WHAT NEEDS TO BE DONE
Copy, word for word, the lines below from the one containing "но точный математический" up to and including the one containing "I'm His Nurse", with pictures left out.
DATA EXTRACT section start
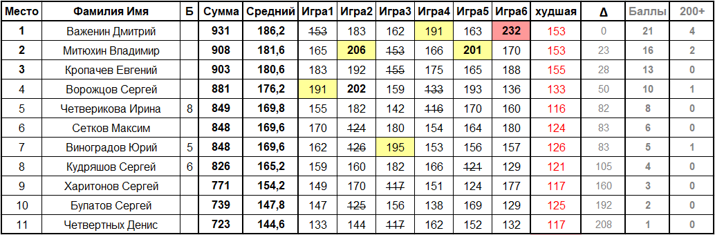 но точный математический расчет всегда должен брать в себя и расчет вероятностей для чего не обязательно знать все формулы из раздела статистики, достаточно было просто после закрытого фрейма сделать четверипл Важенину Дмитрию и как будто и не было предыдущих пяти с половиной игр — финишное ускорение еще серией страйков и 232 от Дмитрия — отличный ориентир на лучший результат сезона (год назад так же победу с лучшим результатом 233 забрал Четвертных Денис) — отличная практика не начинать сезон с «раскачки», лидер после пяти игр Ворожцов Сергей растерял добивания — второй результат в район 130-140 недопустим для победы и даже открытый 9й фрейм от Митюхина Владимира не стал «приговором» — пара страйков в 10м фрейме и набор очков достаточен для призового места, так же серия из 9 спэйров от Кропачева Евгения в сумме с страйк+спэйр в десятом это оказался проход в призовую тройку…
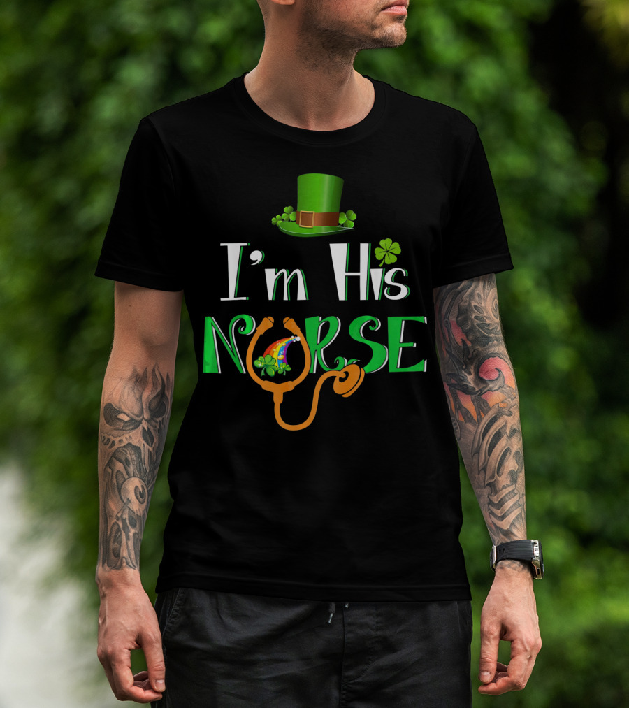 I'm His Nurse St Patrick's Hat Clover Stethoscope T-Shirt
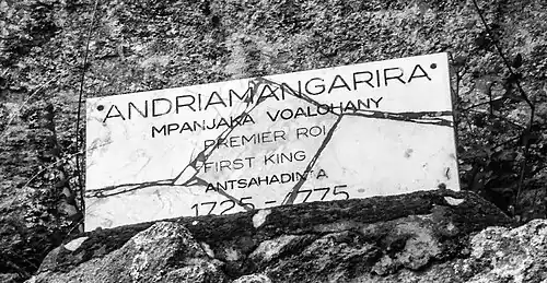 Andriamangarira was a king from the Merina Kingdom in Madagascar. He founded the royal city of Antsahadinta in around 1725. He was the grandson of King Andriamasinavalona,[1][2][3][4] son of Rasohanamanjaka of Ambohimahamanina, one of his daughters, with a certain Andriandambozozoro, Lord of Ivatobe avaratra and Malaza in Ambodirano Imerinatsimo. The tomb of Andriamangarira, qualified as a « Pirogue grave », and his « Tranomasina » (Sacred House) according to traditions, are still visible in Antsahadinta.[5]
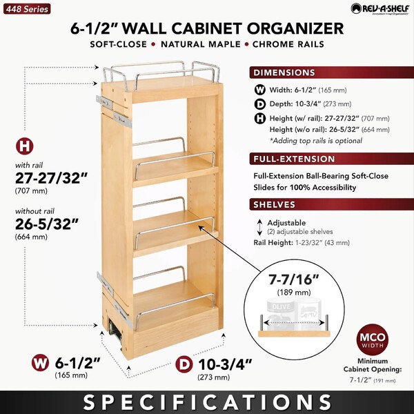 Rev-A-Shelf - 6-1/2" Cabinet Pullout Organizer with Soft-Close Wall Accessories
DATA EXTRACT section end
DATA EXTRACT section start
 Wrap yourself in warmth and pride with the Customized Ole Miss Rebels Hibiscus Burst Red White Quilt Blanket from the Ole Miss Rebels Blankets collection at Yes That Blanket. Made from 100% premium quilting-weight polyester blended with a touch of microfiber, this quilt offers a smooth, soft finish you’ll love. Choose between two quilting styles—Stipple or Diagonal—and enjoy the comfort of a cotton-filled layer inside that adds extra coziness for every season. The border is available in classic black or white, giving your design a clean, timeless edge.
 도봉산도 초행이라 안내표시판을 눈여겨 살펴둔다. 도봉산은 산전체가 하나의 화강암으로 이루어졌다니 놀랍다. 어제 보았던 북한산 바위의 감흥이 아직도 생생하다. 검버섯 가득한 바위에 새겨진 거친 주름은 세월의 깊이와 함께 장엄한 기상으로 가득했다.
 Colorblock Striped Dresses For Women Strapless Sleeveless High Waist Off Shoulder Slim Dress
DATA EXTRACT section end
OUTPUT OF THE TASK
 но точный математический расчет всегда должен брать в себя и расчет вероятностей для чего не обязательно знать все формулы из раздела статистики, достаточно было просто после закрытого фрейма сделать четверипл Важенину Дмитрию и как будто и не было предыдущих пяти с половиной игр — финишное ускорение еще серией страйков и 232 от Дмитрия — отличный ориентир на лучший результат сезона (год назад так же победу с лучшим результатом 233 забрал Четвертных Денис) — отличная практика не начинать сезон с «раскачки», лидер после пяти игр Ворожцов Сергей растерял добивания — второй результат в район 130-140 недопустим для победы и даже открытый 9й фрейм от Митюхина Владимира не стал «приговором» — пара страйков в 10м фрейме и набор очков достаточен для призового места, так же серия из 9 спэйров от Кропачева Евгения в сумме с страйк+спэйр в десятом это оказался проход в призовую тройку…
 I'm His Nurse St Patrick's Hat Clover Stethoscope T-Shirt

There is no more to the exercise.